Excerpts from a dataset:
^^^^^^^^

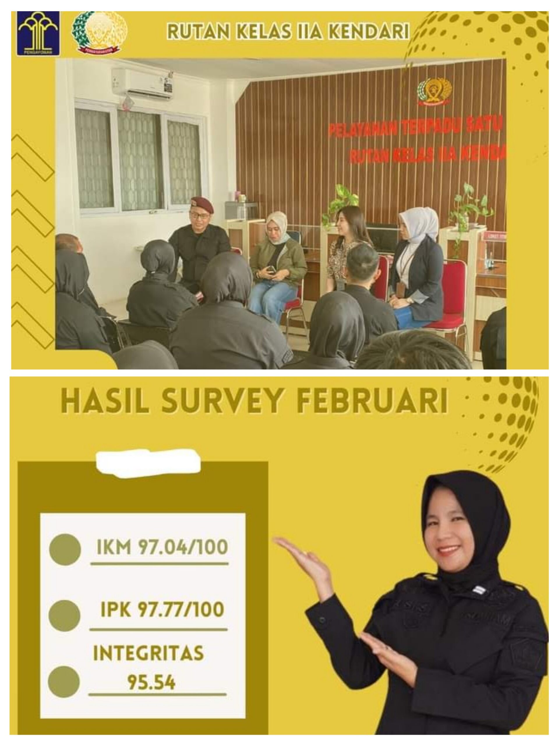 Kunjungan tersebut berlangsung di ruang pelayanan Rutan Kendari dan membahas kerjasamanya dalam mewujudkan Budaya Pelayanan Prima di Rutan Kendari, Provinsi Sulawesi Tenggara.
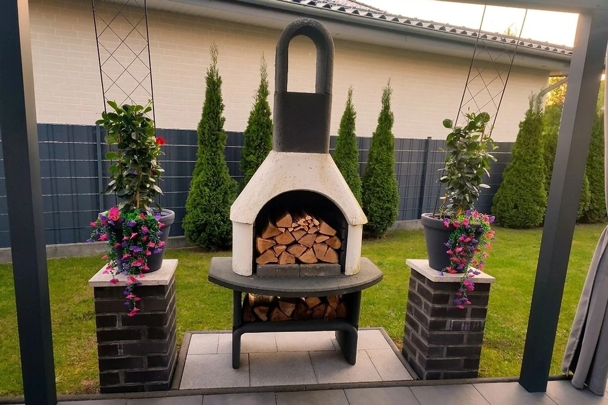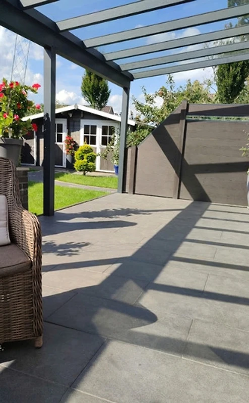 Ein Fahrradschuppen, sowie eine grosse überdachte Terrasse mit Grill und einem Gartenhäuschen für die Kinder.
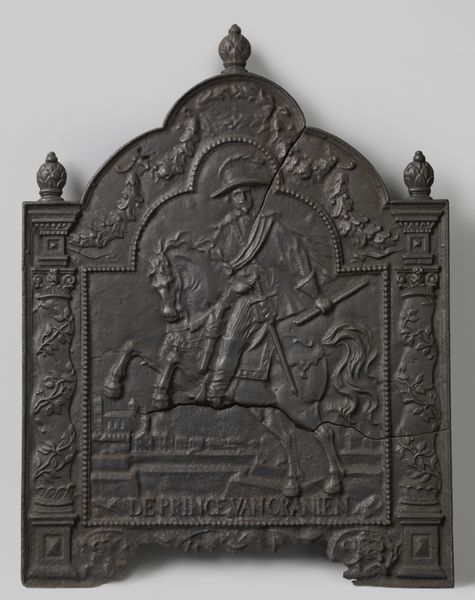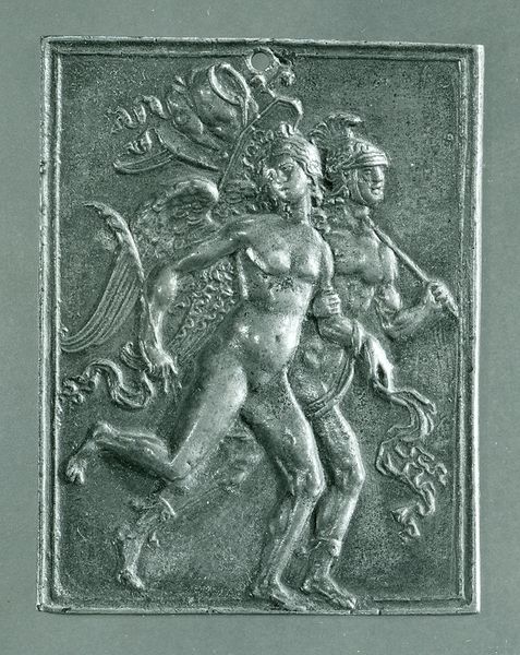 Curator: This artwork, created in the 16th century, is titled "Karl V til hest" and depicts Charles V on horseback. It’s rendered in silver relief and resides here at the SMK, Statens Museum for Kunst. Editor: My first thought is: austere power. The starkness of the silver, the rigid posture of the rider… it projects a sense of unyielding authority, crafted in metal. I can’t help but wonder about the social implications and process required to achieve such striking power. Curator: Absolutely. Consider the historical backdrop: Charles V was a towering figure, ruling over a vast, diverse empire. This piece speaks directly to his carefully cultivated image as a strong, divinely appointed leader, and serves to situate the subject within his own history. What are we meant to think of him and of power in the 16th century? Editor: And think of the silversmith's labour! The sheer effort to manipulate this metal into such intricate detail is impressive. The landscapes, the horse's harness… what workshops might have been involved? Whose hands shaped this symbol of power, and what did they gain from it? It encourages thinking about the hierarchy of labour involved in creating this piece. Curator: That’s an important layer. The landscape behind Charles V isn’t merely decorative, it's carefully constructed. I interpret the serene hills and suggestion of his dominion over those landscapes, creating a visual argument for his inherent right to rule and how these are often fantasies or social constructions that reinforce inequality. Editor: And the choice of silver itself— beyond its aesthetic appeal, it represents wealth, access, and, control of resources. Did it reflect the emperor's access to precious metals, and subsequently act to enhance his image of almost unachievable prestige? Curator: Precisely. Furthermore, pieces like this reinforce how power is constructed. In this sense it's both artistic representation but also an idealogy. This work presents Charles as a paragon of Christian European authority – a legacy viewed with increasing skepticism through our current lens of post-colonial perspectives. Editor: Looking at this from a more grounded point of view, the silver is more than luxury, it is something mined from the earth. Thinking through it in this way it becomes material through exploitation of people and environments. The work becomes both image of power and artifact of power. Curator: I agree. By situating this portrait within a history of both the powerful and the laboring class we confront complicated issues. Looking closely brings both Charles and his era into complex focus. Editor: It really puts into perspective how art and material are so closely intertwined with the workings of the world at large. Thanks for helping to guide our understanding!
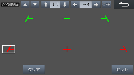 [↑][↓][←][→]にタッチしてガイドの位置を調整します。[OFF]または[ON]にタッチすると、選択したガイドを非表示・表示します。調整が済んだら[セット]にタッチします。
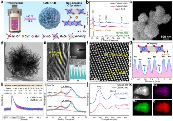 图1:结构和形貌分析。a)CaMnO-140微纳球的合成示意图;b)MnO-140,CaMnO-140和CaMnO-160的XRD谱图;CaMnO-140的c)SEM图、d)TEM图、e)HRTEM和SAED图、f)HAADF-STEM图与g)从f)中的红色区域提取的强度线轮廓图;CaMnO-140和CaMnO-160的h)PALS和对应寿命参数(插图),i)Mn 3s XPS光谱,j)Mn L边EELS光谱;k)CaMnO-140材料的STEM-EDS图。
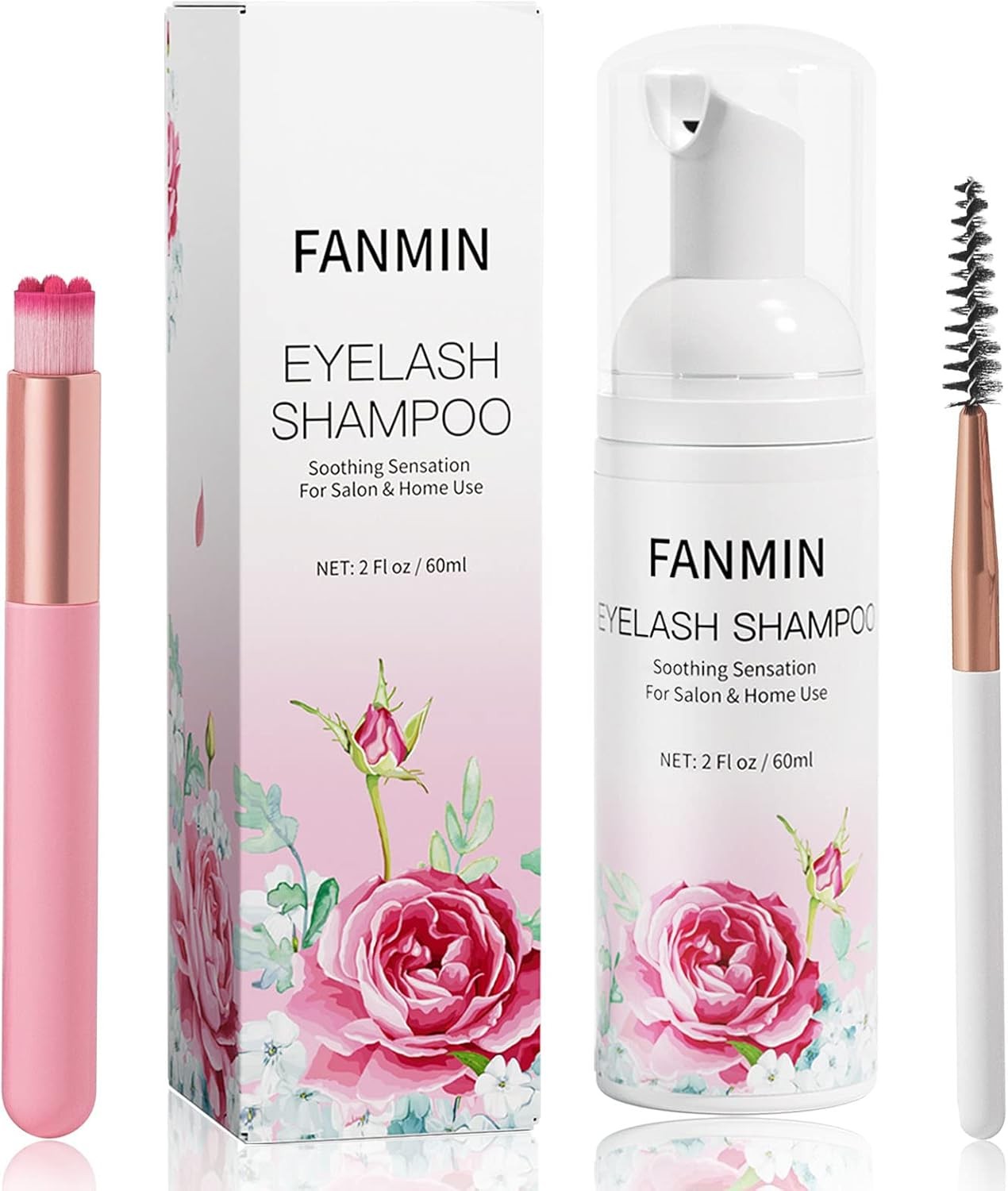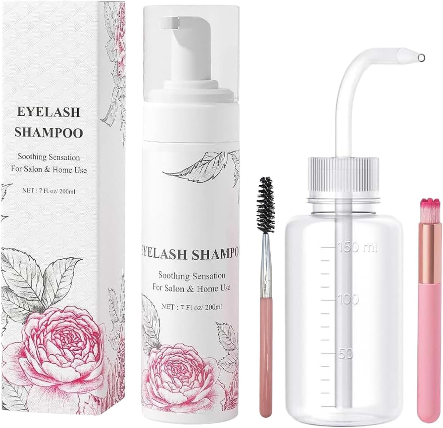 Lash Shampoo, 60Ml+Rinse Bottle+Wand+Brush, Eyelash Extension Cleanser
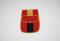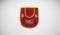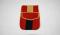 | Kjolsäck, röd med gula kanter med lock, knäppt med en knapp och med gula band runt livet. Från Sideby. | |

^^^^^^^^

[WHAT TO PRODUCE]:
Please copy out each line above exactly as written, but not the pictures.

[TASK ANSWER]:
 Kunjungan tersebut berlangsung di ruang pelayanan Rutan Kendari dan membahas kerjasamanya dalam mewujudkan Budaya Pelayanan Prima di Rutan Kendari, Provinsi Sulawesi Tenggara.
 Ein Fahrradschuppen, sowie eine grosse überdachte Terrasse mit Grill und einem Gartenhäuschen für die Kinder.
 Curator: This artwork, created in the 16th century, is titled "Karl V til hest" and depicts Charles V on horseback. It’s rendered in silver relief and resides here at the SMK, Statens Museum for Kunst. Editor: My first thought is: austere power. The starkness of the silver, the rigid posture of the rider… it projects a sense of unyielding authority, crafted in metal. I can’t help but wonder about the social implications and process required to achieve such striking power. Curator: Absolutely. Consider the historical backdrop: Charles V was a towering figure, ruling over a vast, diverse empire. This piece speaks directly to his carefully cultivated image as a strong, divinely appointed leader, and serves to situate the subject within his own history. What are we meant to think of him and of power in the 16th century? Editor: And think of the silversmith's labour! The sheer effort to manipulate this metal into such intricate detail is impressive. The landscapes, the horse's harness… what workshops might have been involved? Whose hands shaped this symbol of power, and what did they gain from it? It encourages thinking about the hierarchy of labour involved in creating this piece. Curator: That’s an important layer. The landscape behind Charles V isn’t merely decorative, it's carefully constructed. I interpret the serene hills and suggestion of his dominion over those landscapes, creating a visual argument for his inherent right to rule and how these are often fantasies or social constructions that reinforce inequality. Editor: And the choice of silver itself— beyond its aesthetic appeal, it represents wealth, access, and, control of resources. Did it reflect the emperor's access to precious metals, and subsequently act to enhance his image of almost unachievable prestige? Curator: Precisely. Furthermore, pieces like this reinforce how power is constructed. In this sense it's both artistic representation but also an idealogy. This work presents Charles as a paragon of Christian European authority – a legacy viewed with increasing skepticism through our current lens of post-colonial perspectives. Editor: Looking at this from a more grounded point of view, the silver is more than luxury, it is something mined from the earth. Thinking through it in this way it becomes material through exploitation of people and environments. The work becomes both image of power and artifact of power. Curator: I agree. By situating this portrait within a history of both the powerful and the laboring class we confront complicated issues. Looking closely brings both Charles and his era into complex focus. Editor: It really puts into perspective how art and material are so closely intertwined with the workings of the world at large. Thanks for helping to guide our understanding!
 [↑][↓][←][→]にタッチしてガイドの位置を調整します。[OFF]または[ON]にタッチすると、選択したガイドを非表示・表示します。調整が済んだら[セット]にタッチします。
 图1:结构和形貌分析。a)CaMnO-140微纳球的合成示意图;b)MnO-140,CaMnO-140和CaMnO-160的XRD谱图;CaMnO-140的c)SEM图、d)TEM图、e)HRTEM和SAED图、f)HAADF-STEM图与g)从f)中的红色区域提取的强度线轮廓图;CaMnO-140和CaMnO-160的h)PALS和对应寿命参数(插图),i)Mn 3s XPS光谱,j)Mn L边EELS光谱;k)CaMnO-140材料的STEM-EDS图。
 Lash Shampoo, 60Ml+Rinse Bottle+Wand+Brush, Eyelash Extension Cleanser
 | Kjolsäck, röd med gula kanter med lock, knäppt med en knapp och med gula band runt livet. Från Sideby. | |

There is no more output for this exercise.